### What you are asked to do
Within the entries below, please return exactly the lines from the one with "Cette table basse" through the one with "В нашей стране", leaving out any pictures.

### Task data

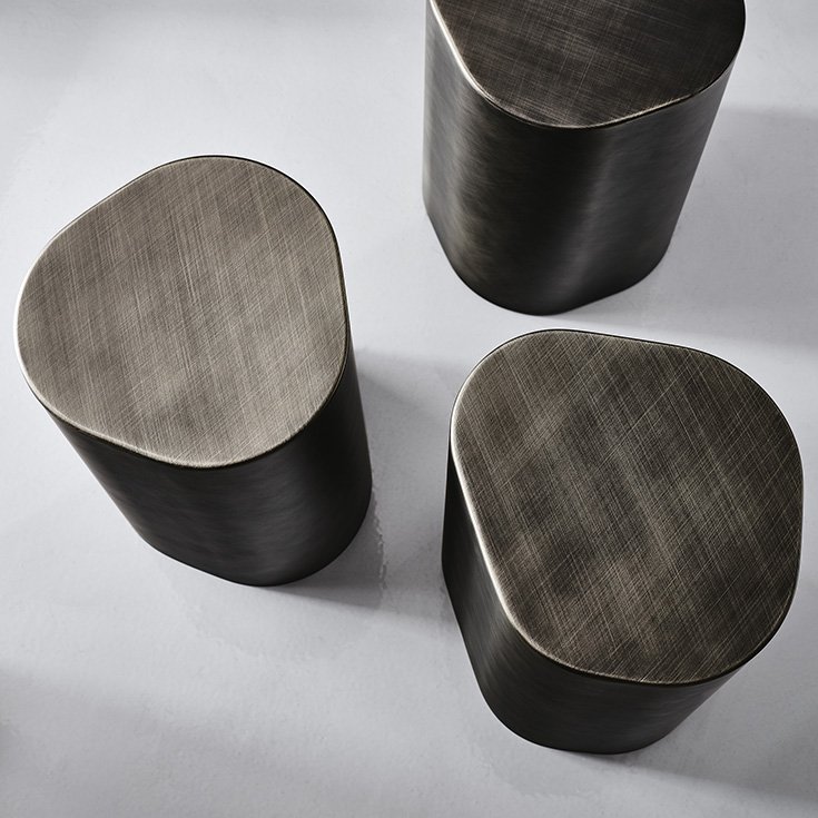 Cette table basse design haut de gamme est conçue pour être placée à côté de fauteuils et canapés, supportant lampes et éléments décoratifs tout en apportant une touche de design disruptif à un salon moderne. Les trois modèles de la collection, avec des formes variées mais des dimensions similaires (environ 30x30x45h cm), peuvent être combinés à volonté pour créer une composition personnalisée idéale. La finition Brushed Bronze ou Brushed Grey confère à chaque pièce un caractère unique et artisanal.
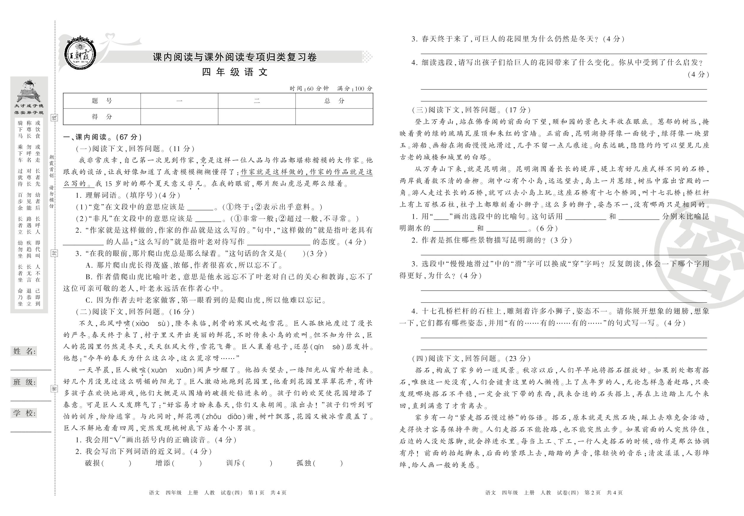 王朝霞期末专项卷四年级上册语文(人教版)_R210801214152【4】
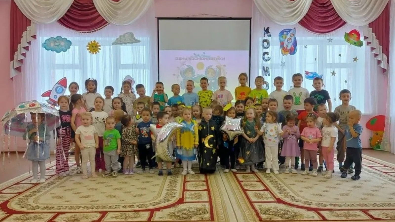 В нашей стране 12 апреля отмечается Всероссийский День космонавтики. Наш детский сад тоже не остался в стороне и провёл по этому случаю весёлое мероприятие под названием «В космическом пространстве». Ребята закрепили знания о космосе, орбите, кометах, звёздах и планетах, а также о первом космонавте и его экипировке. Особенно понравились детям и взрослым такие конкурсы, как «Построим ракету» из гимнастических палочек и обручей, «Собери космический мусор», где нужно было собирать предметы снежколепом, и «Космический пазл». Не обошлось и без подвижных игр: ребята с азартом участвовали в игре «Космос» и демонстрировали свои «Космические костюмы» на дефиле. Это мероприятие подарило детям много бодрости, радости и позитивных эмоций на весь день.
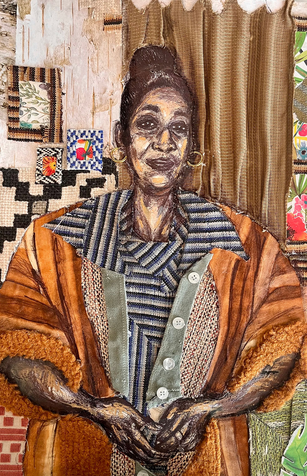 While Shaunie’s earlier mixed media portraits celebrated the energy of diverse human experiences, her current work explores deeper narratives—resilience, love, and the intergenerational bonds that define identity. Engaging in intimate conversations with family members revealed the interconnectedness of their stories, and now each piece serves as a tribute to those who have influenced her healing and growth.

...

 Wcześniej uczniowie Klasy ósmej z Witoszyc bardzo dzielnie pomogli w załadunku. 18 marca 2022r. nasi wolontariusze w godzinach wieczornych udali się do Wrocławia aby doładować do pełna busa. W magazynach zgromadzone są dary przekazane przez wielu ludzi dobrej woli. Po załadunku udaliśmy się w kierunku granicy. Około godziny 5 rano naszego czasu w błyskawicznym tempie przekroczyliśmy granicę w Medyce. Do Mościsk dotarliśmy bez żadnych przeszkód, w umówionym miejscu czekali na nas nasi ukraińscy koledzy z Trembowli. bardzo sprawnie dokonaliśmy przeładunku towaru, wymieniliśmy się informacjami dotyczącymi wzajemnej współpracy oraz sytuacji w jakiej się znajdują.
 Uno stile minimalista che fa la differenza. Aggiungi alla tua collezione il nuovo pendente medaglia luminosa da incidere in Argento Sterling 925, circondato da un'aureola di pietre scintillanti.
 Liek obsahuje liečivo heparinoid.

---

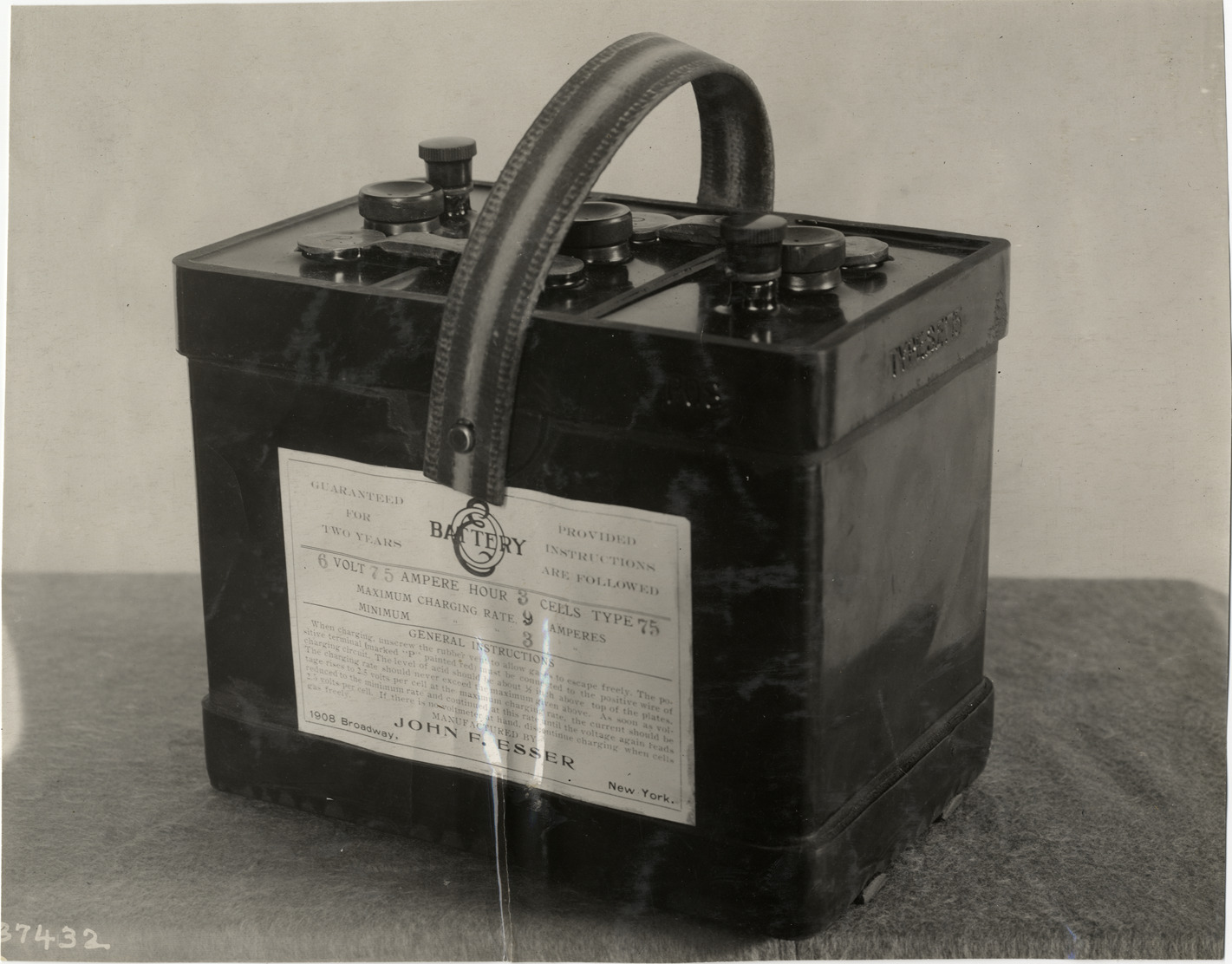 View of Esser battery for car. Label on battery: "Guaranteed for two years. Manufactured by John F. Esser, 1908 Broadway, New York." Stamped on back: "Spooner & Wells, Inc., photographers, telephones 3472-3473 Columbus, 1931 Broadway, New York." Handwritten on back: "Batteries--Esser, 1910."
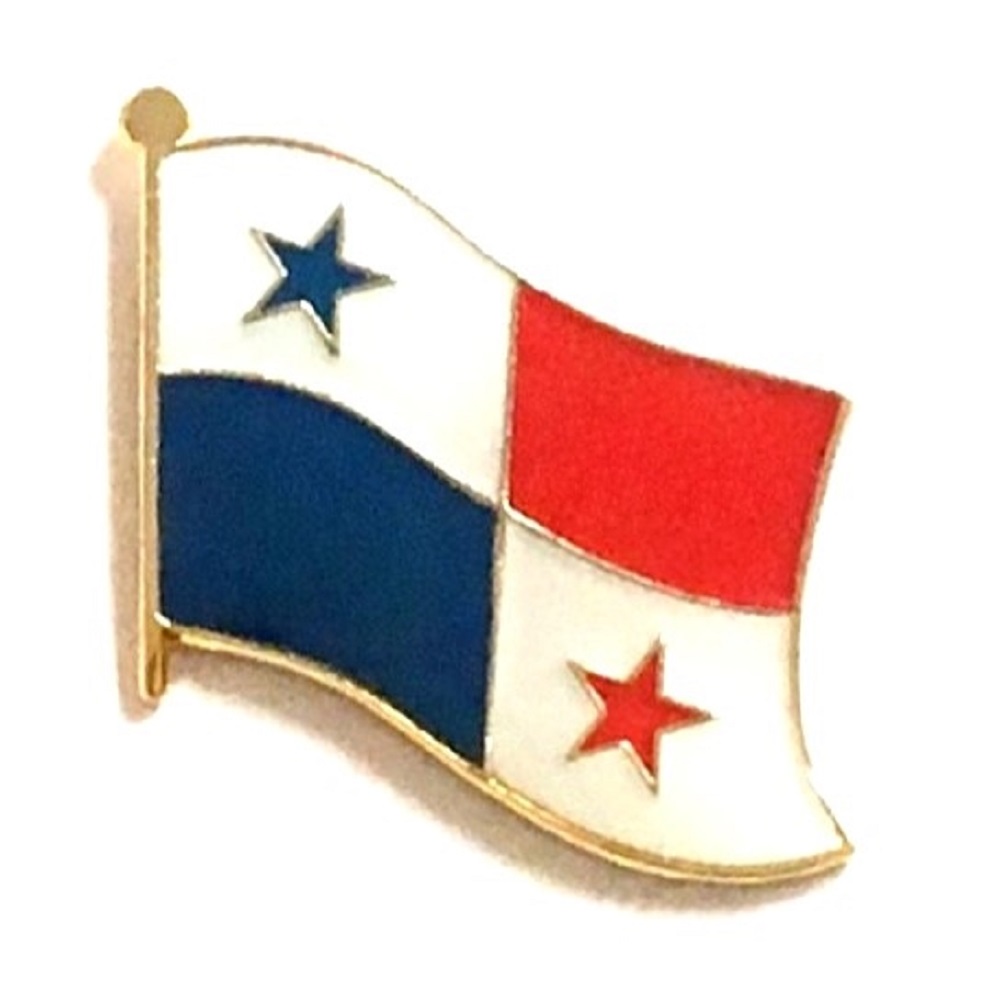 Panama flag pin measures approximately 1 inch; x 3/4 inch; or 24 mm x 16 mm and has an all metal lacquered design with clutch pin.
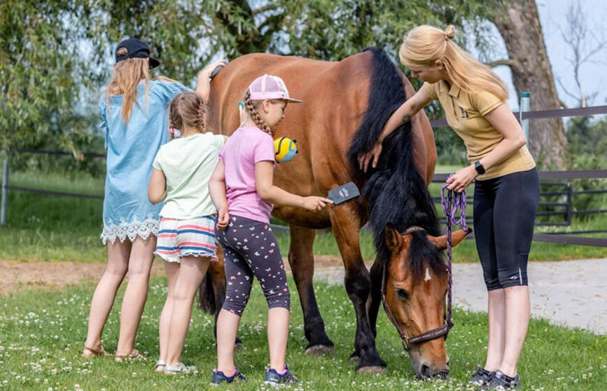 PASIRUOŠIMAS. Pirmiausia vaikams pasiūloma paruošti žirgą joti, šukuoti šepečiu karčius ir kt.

### Result of the task
 Cette table basse design haut de gamme est conçue pour être placée à côté de fauteuils et canapés, supportant lampes et éléments décoratifs tout en apportant une touche de design disruptif à un salon moderne. Les trois modèles de la collection, avec des formes variées mais des dimensions similaires (environ 30x30x45h cm), peuvent être combinés à volonté pour créer une composition personnalisée idéale. La finition Brushed Bronze ou Brushed Grey confère à chaque pièce un caractère unique et artisanal.
 王朝霞期末专项卷四年级上册语文(人教版)_R210801214152【4】
 В нашей стране 12 апреля отмечается Всероссийский День космонавтики. Наш детский сад тоже не остался в стороне и провёл по этому случаю весёлое мероприятие под названием «В космическом пространстве». Ребята закрепили знания о космосе, орбите, кометах, звёздах и планетах, а также о первом космонавте и его экипировке. Особенно понравились детям и взрослым такие конкурсы, как «Построим ракету» из гимнастических палочек и обручей, «Собери космический мусор», где нужно было собирать предметы снежколепом, и «Космический пазл». Не обошлось и без подвижных игр: ребята с азартом участвовали в игре «Космос» и демонстрировали свои «Космические костюмы» на дефиле. Это мероприятие подарило детям много бодрости, радости и позитивных эмоций на весь день.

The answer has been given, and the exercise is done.